I'm attempting to use LASSO for a slightly different function than originally designed. I have a 22 different tasks on a test, which, when averaged, produce a final score. I want to see which combination of a limited number of tasks would best predict the overall score with the hopes of creating a short form of this test.
I'm using glmnet to run the lasso next, and it runs as expected. I can then easily find the model at a given lamda with
coef(cvfit, s = s)
However, I am wondering if it would be possible to specify the n of predictors that have non-zero coefficients, rather than the penalization parameter?

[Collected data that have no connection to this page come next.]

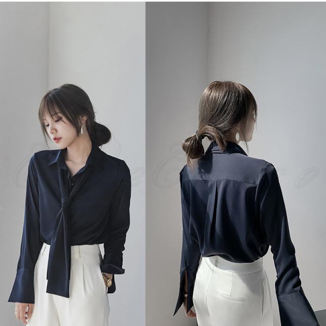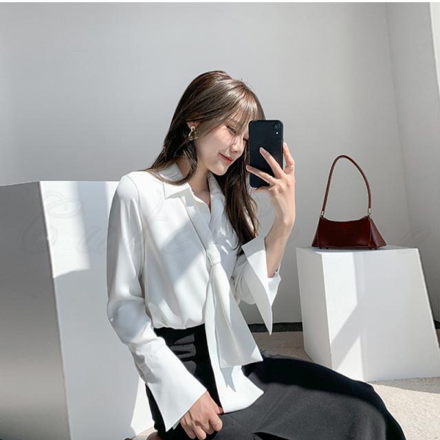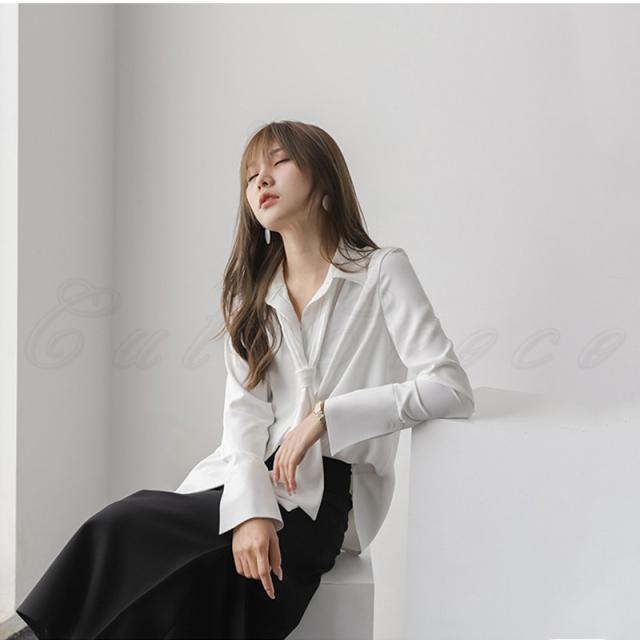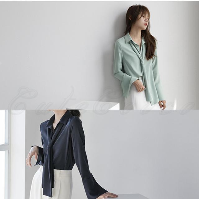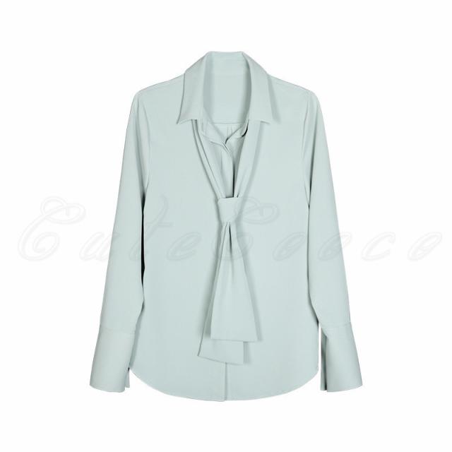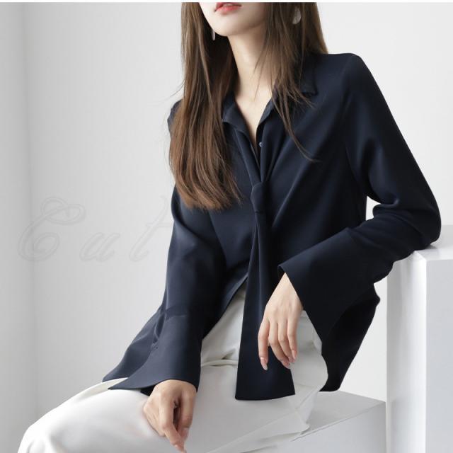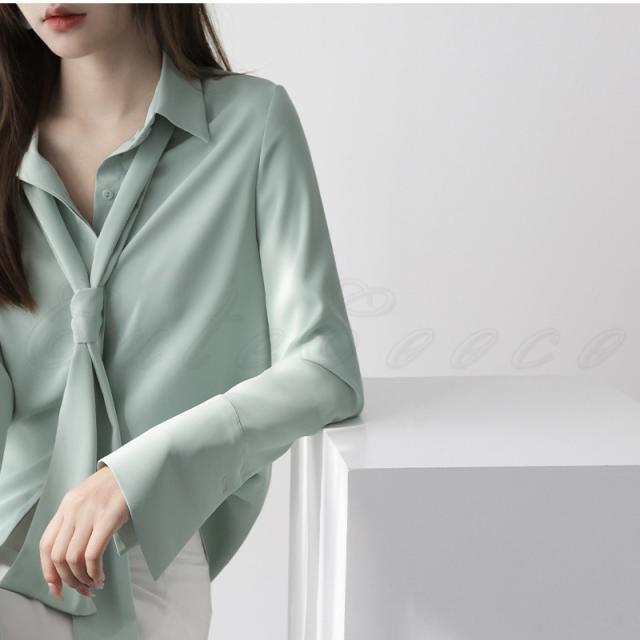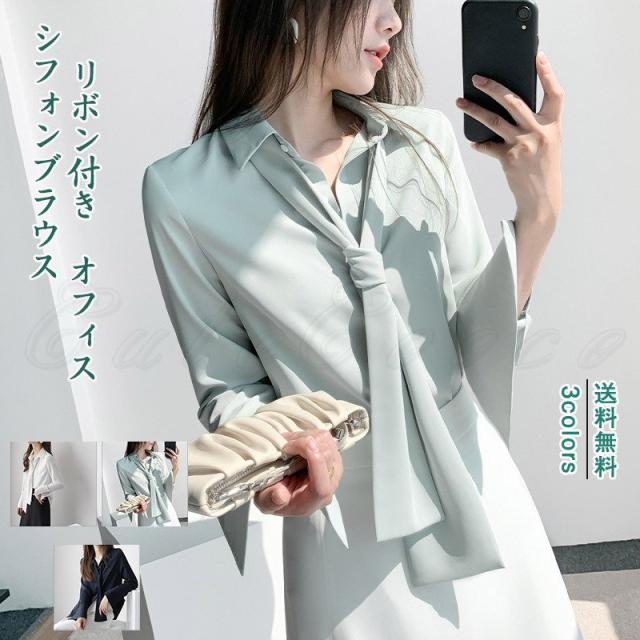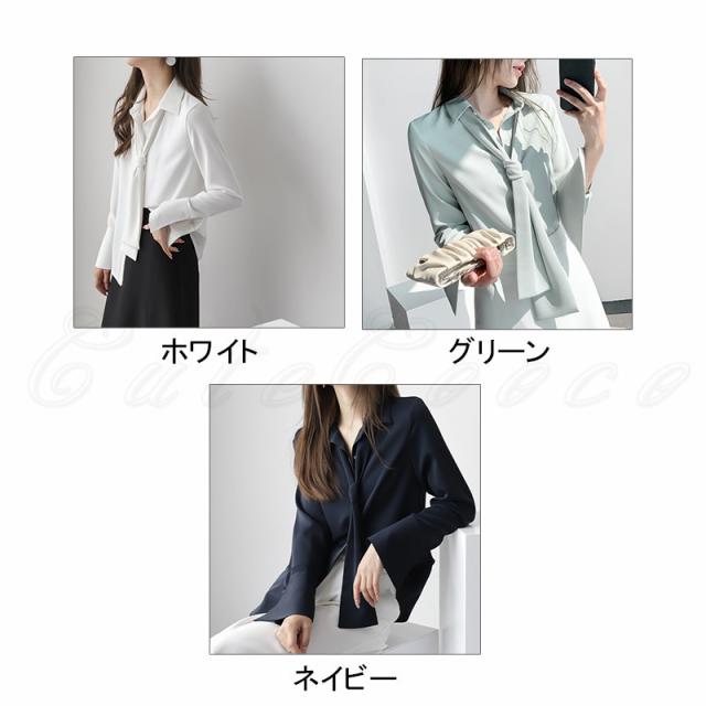 シフォンブラウス レディース 開襟シャツ 無地 ポロ襟 長袖 リボン付き トップス カジュアル ゆったり オフィス 21年秋新作 きれいめ おしゃれ 春秋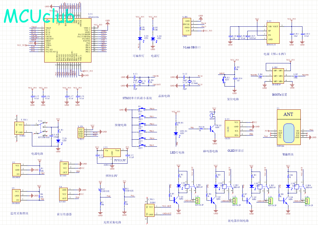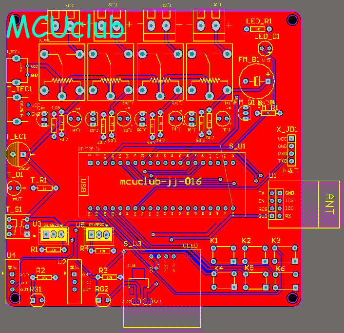 PCB图是由原理图导出,封装很大一部分都是作者自己绘制,不提供封装库,只提供连接好的源文件,可以直接在嘉立创进行打板。两层板,上下覆铜接地。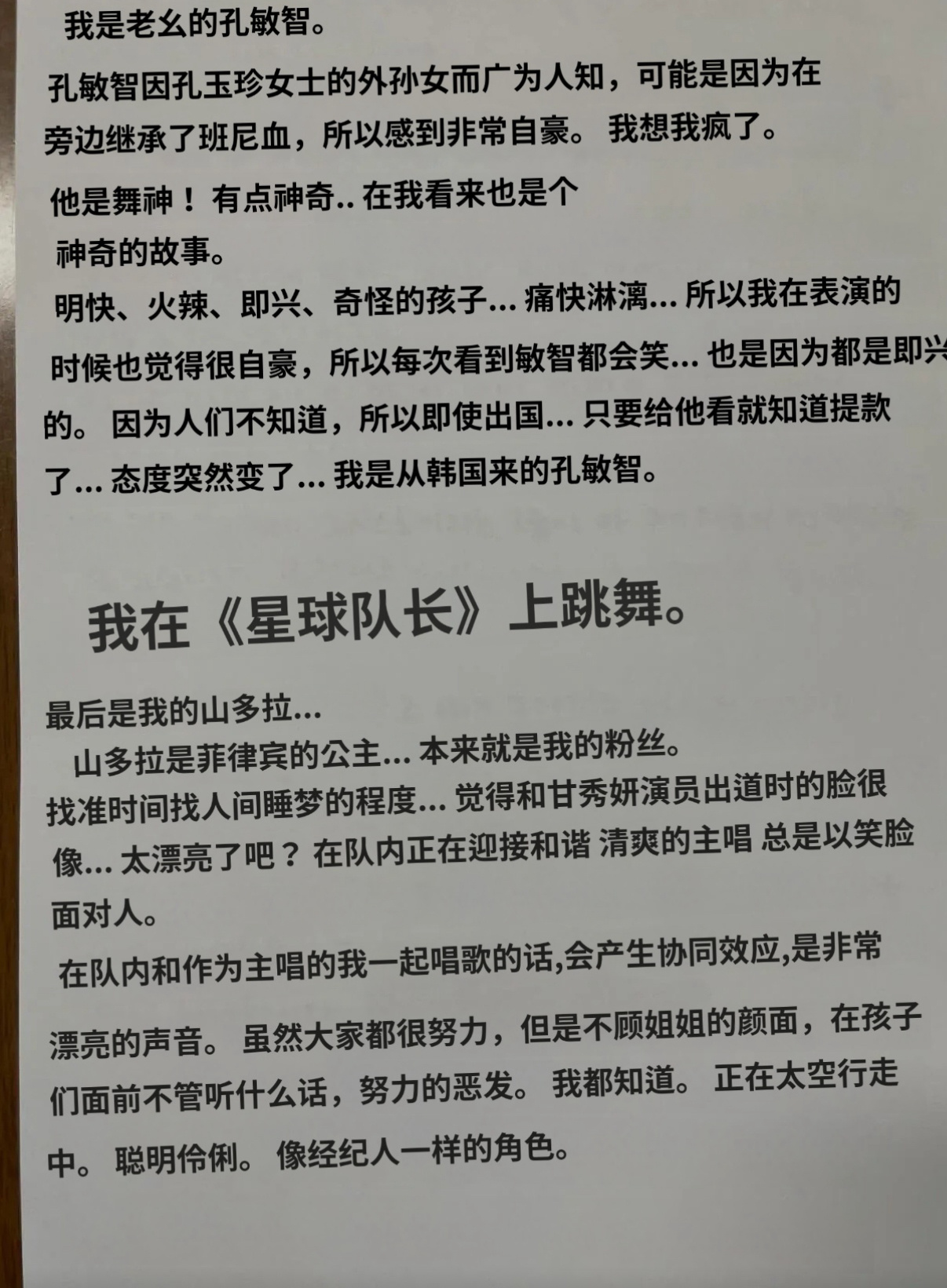 她声称CL是舞台表演的神,即兴表现超强,自带帅气气场,孔敏智舞台利落爽快,一出场就能带动全场气氛,朴山多拉则像“菲律宾公主”,嗓音清新漂亮,性格拼命努力。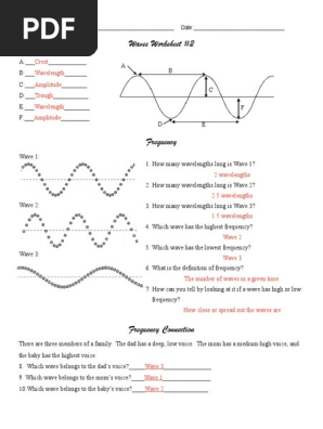 Waves worksheet answer key. Waves Gizmo Worksheet Answer Key Pdf Free - myilibrary.org Waves Gizmo Worksheet Answer Key Pdf Free | checked. 4199 kb/s. 5559. Student Exploration- Waves (ANSWER KEY). - Calaméo. Gizmo Warm-Up Ocean swells are an example of waves . In the Waves Gizmo TM , you will observe wave motion on a model of a spring. Waves - Physics Waves - Physics Waves This topic will discuss waves in the physical sense. This is the second to last unit that we will be covering. We will have three different note packets for waves and various wave phenomena. The formulas and electromagnetic spectrum that deals with waves can be found in your reference table. Note Packet 1 Waves PowerPoint 1 Waves Review Worksheet Answer Key - Edu Stiemars In this standing waves activity, students reply 9 questions about graphs of assorted waves. They establish standing waves and their nodes, anti-nodes, wavelengths, amplitude, frequency and number of cycles. 4) Give some examples of transverse and longitudinal waves. Sound in solids can be each longitudinal and transverse. PDF Waves #2 Worksheet Answers - Paulding County School District Amplitude Wave 4: Wave 5: Wave 6: Amplitude Connection Juan is playing the piano. The music starts of at meso-forte (medium high volume). It then crescendos into forte (loud) and Juan plays dramatically. The music ends at piano (quietly) with a sweet melody. 6. Which wave represents the music at the beginning?_____Wave 6_____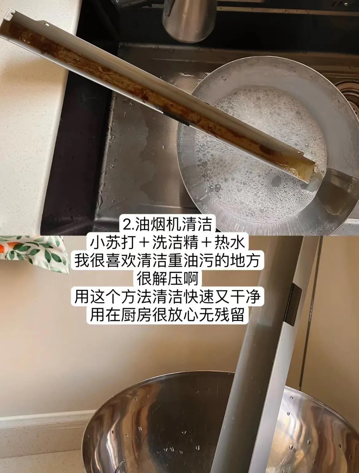 碰到油煙機、竈臺這種重油污,就用小蘇打+洗潔精+熱水,頑固油污也能快速分解,而且沒什麼異味、殘留,用着很安心;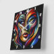 A striking abstract portrait features flowing lines and vivid colours, showcasing a stylised face with expressive features and an artistic flair.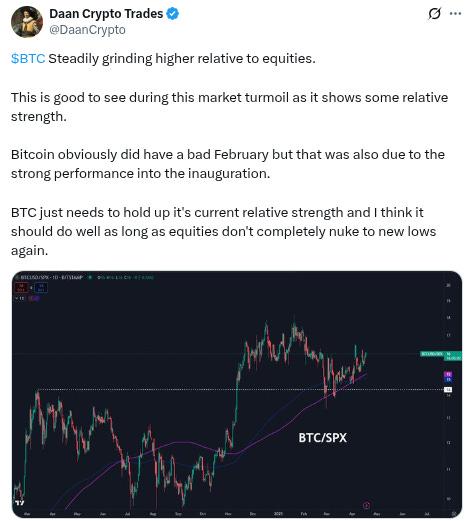 -Is $BTC beginning to copy gold’s recent pattern of outperformance vs equities? h/t @DaanCrypto: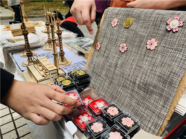 此外,明信片、徽章、地图等原创周边、纯手工首饰、山水花鸟石头画、刀笔油画和大学生的歌声、舞蹈,共同点亮这个集市的青春色彩。据悉,短暂休整两天后,樱花集市将在本周五继续开张。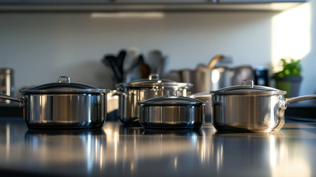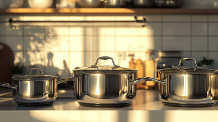 A beautiful kitchen scene with a set of shiny stainless steel pots and pans, reflecting the sunlight, creating an elegant and inviting cooking environment.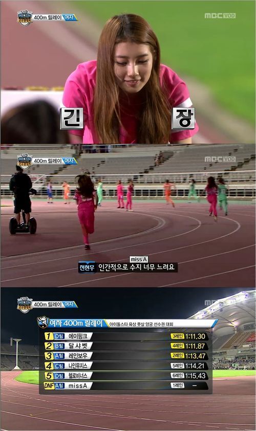 수지는 미쓰에이 멤버들과 함께 400m 릴레이에 참여했다. 첫 주자로 나선 수지는 뒤뚱뒤뚱 뛰면서 또 꼴찌를 했다. MC 전현무가 “수지 선수 인간적으로 너무 느리다”고 타박할 정도. 결국 수지가 너무 늦게 달리는 바람에 미쓰에이 다른 멤버들은 추격조차 하지 못하고 기권하는 상황에 놓였다. 여자 400m 릴레이에서는 윤보미, 박초롱, 정은지가 속한 에이핑크가 금메달을 획득했다.

I've set up a very inefficient way of doing this as shown below by extracting the models from a grid of test lambdas, but I was wondering if there is a more efficient way of doing this
nvar <- list()
coeffs <- list()
for(j in 1:20000) {
s <- j / 20000
coeffs[j] <- coef(cvfit, s = s) ##Get coefficient list at given lamda
nvar[j] <- sum(as.vector(coef(cvfit, s = s)) != 0) - 1 ##Count number of variables with non-zero coeff and subtract one because intercept is always non-zero
}
nvar <- unlist(nvar)
getlamda <- function(numvar = 4) {
min.lambda <- min(lambdas[nvar == numvar]) / 20000 ##Find the smallest lambda which resulted in the given number of non-zero coefficients
coeffs[min.lambda]
}